In case of difficulties, reorientations shall be considered during the consultancy but only after the written approval of the relevant coordinators.
Payment Schedule
Phase one: 30%
Phase two: 70%
AVAILABLE BUDGET
The total budget for this consultancy is a maximum of 15,000.00 Euros, which includes all costs and contingency costs.
The Consultant should submit a detailed budget proposal showing costs broken down by expense item., based on the following model:
Unit
(State*)
Unit cost
(Euros)
Total
(Euros)
Comments
Remuneration
€
€
Translator
Travelling-Flights
€
€
Other (detail)
€
€
TOTAL
€
€
How to apply
APPLICATION PROCESS
MDM-ES will apply a two-stage application process as detailed below:
Stage 1
Expression of Interest (EOI)
- Interested consultants are invited to submit an EOI for this consultancy. The EOI should include the following:
- Cover letter (maximum two pages) highlighting the consultant’s relevant experience and qualifications for this assignment.
- CVs (maximum four pages) outlining the consultant’s educational background, professional experience, and specific expertise in behaviour change communication strategies.

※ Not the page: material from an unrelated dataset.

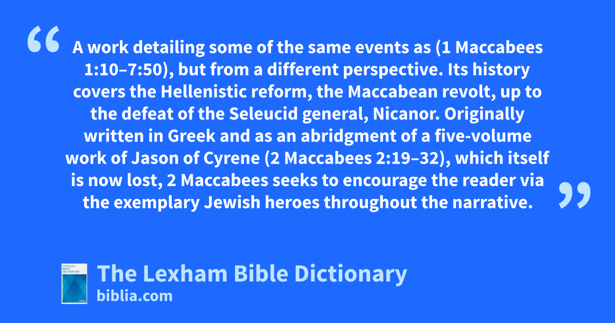 Maccabees, Second Book of The A work detailing some of the same events as (1 Maccabees 1:10–7:50), but from a different perspective. Its history covers the Hellenistic reform, the Maccabean revolt, up to the defeat of the Seleucid general, Nicanor. Originally written in Greek and as an abridgment of a five-volume work of Jason of Cyrene (2 Maccabees 2:19–32), which itself is now lost, 2 Maccabees seeks to encourage the reader via the exemplary Jewish heroes throughout the narrative.

- Brief description of the consultant’s proposed approach and methodology for developing the BCC strategy (maximum ten pages).

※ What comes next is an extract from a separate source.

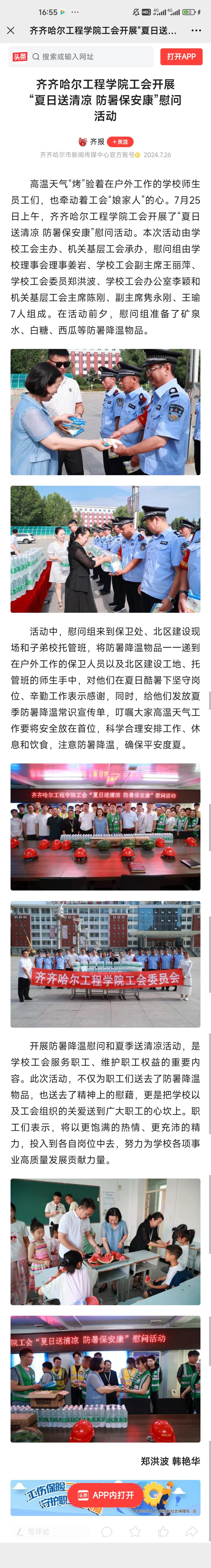 《今日头条》报道永利23411集团官网工会开展“夏日送清凉 防暑保安康”慰问活动
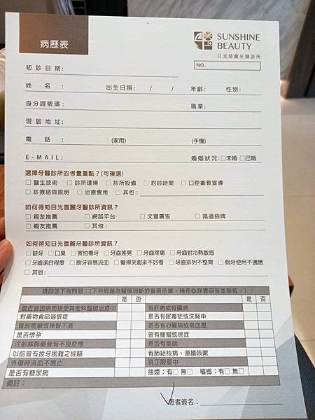 初診表格

- Examples of 2-3 relevant previous assignments demonstrating the consultant’s experience in similar projects.
The EOI should be submitted by 26/02/2025 to [email protected]
Stage 2
Proposal Submission
- Based on the evaluation of the EOIs, a shortlist of qualified consultants will be invited to submit a complete technical and financial proposal. The selected consultants will receive additional information and instructions for the proposal submission.
The full proposal should include the following:
Technical Proposal:
- Detailed technical approach and methodology for developing the BCC strategy.
- Work plan and timeline for the assignment.
- Relevant experience and qualifications of the consultant
- Proposed team composition and roles (if applicable)
Financial Breakdown:
- Total budget (inc.VAT)
- Detailed budget breakdown, including professional fees and other relevant costs (living expenses, transport, interpreters if applicable, etc).
- Justification for the proposed budget.
A sworn statement confirming (the absence of) any conflicts of interest.
Additional supporting documents:
- CVs of consultant/team
- Samples of BCC strategy developed in the past
The specific deadline for submitting the full proposal will be communicated to the shortlisted consultants (the tentative deadline is two weeks after the request for proposals).